I looked back at the beat-up Dodge at the side of the road, a set of skids on the asphalt where the idiot locked up his wheels to avoid a deer and was lucky enough not to roll the damn thing and kill himself as well. This was the second one in a month, the first one being some redneck out of Plainview who thought he could stand on the roof his buddy’s truck and ride it like it was a surfboard while singing “Dust in the Wind,” and now this second guy, who had apparently climbed through the cab’s sliding-glass window, saying he was “gonna take care of business,” and then stood out next to the open tailgate with his fly unzipped.

I shook my head, wondering where these guys got their bright ideas.

Greta Igl said...

Felt that one, Stephen. A high school kid died just around the corner from my house last summer, doing that surfing the car thing. What a tragedy.

I went for Brewer's Routine prompt. Don't look too close. You may see my life :) I want to retitle this. Any ideas?

Same Old

When Amanda was a baby, Carrie yearned for routine, for knowing when to wake and when to sleep. In the chaos of new motherhood, she longed for a slot to cook dinner, to exercise, to breathe, to make love.

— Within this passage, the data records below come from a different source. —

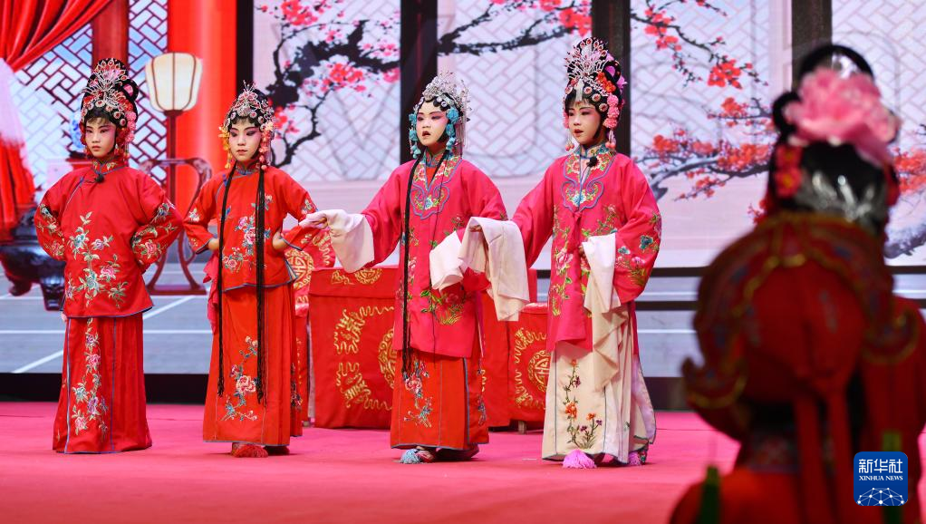 8月28日,在河北省青县“哈哈腔”传承示范基地,小学员表演“哈哈腔”《游花园》选段。
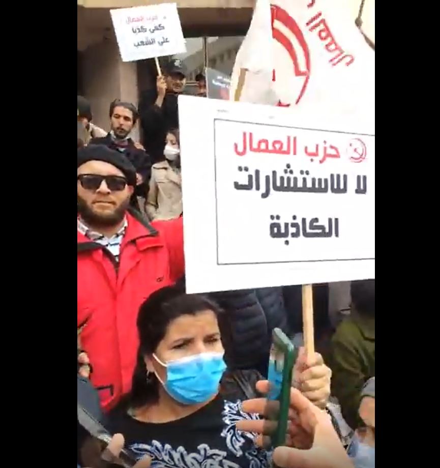 ورفع أنصار حزب العمال شعارات ضد رئيس الجمهورية قيس سعيد وضد المنظومة السابقة لما قبل 25 جويلية.
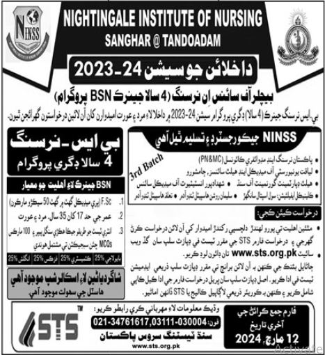 Admissions in Nightingale Institute of Nursing 2024 for BS Nursing has been announced. Nightingale Institute of Nursing Sanghar Tando Adam Sindh Pakistan welcomes students to apply for admissions in academic year 2024 in Medical University. Students for admissions in BSN can apply for online or campus classes as per Private institute criteria till admission closing date April 3, 2024. Read newspaper ad for exact details.
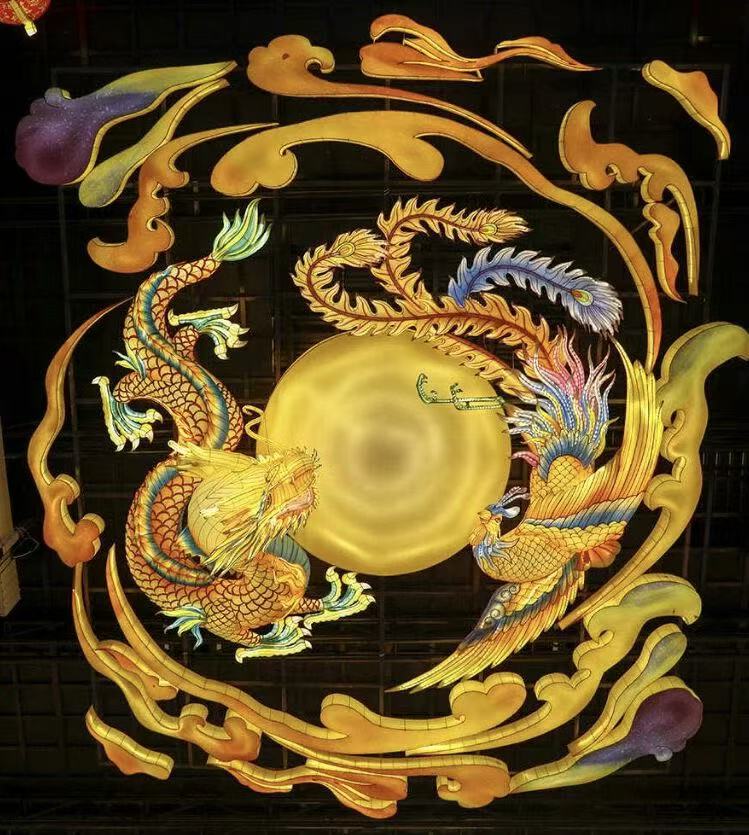 自貢彩燈素有 “天下第一燈” 美譽,其工藝歷經千年淬煉,從漢代井鹽開采時期的雛形,到明清 “獅燈場市” 的興盛,如今已發展出立體絲扎、分色裱糊、瓷器捆扎等數十種核心技法。意樹文化團隊深諳此道,在創作中既堅守 “美工放樣、鉗工造型、焊工固定、裱糊上色” 的傳統工序,又融入 LED 節能光源、AI 互動等現代科技,更創新性運用特色材料,讓每盞花燈都成為技藝傳承的載體。如工匠們將以 45 度角精準裁切按紋理緊密粘制成孔雀翎羽,燈光透過的天然紋路,盡顯生靈的靈動質感。

The routine came all too soon, the daily activities that varied little from week to week: Mondays, the park; Tuesday, play at home; Wednesday, story hour; Thursday, lunch at Grandma’s; Friday, playdate. And in each of those days, their own aching subroutines, the three meals a day with the handful of tolerated menus, the same three movies, two books, one cry.

Mommy.

She returned: to her friends, her hobbies, her work, to some semblance of the girl she’d been before Amanda, but always with the understanding that everything must fit, no matter how large and unwieldy, inside the tight buckets of routine-- a time to play blocks, a time to read books, and even a tiny golden sliver to remember her freedom.

Stephen said...

No recommendations on a new title. I think the one you've got works just fine. Excellent piece BTW. Being parents, I wonder how my wife and I will adapt once the kiddos are grown. Fortunately, we've got time to plan for that.

Jane Banning said...

Nice job, Greta.
Adjusting to the upheaval is huge, then the routines get stifling, then everything changes again, and on and on.
At 18, Tyler is hardly home, but when he is, my routine changes to accommodate. And now the girlfriend comes here too and I feel my routines must shift in a different way.
OH! There's my story! I had not come up with a dang thing yet tonight.
Just a minute, I'll get back to you!
jb

Jane Banning said...

What came out was not about routine, so it's off-topic, but rather about the writing process. It's probably a mixed-metaphor mess, but something might come of it later.

Story Threads
Fleece and wool and words wind around me. I seek, write, delete. Ideas warm and form curving lines. The minutes twine, uncurl and shine, unbidden, unbroken. Then, finally, the open stretch. I reach and the story comes.

Greta Igl said...

I like the images in this, Jane. I like the idea of reaching for the story. Nice.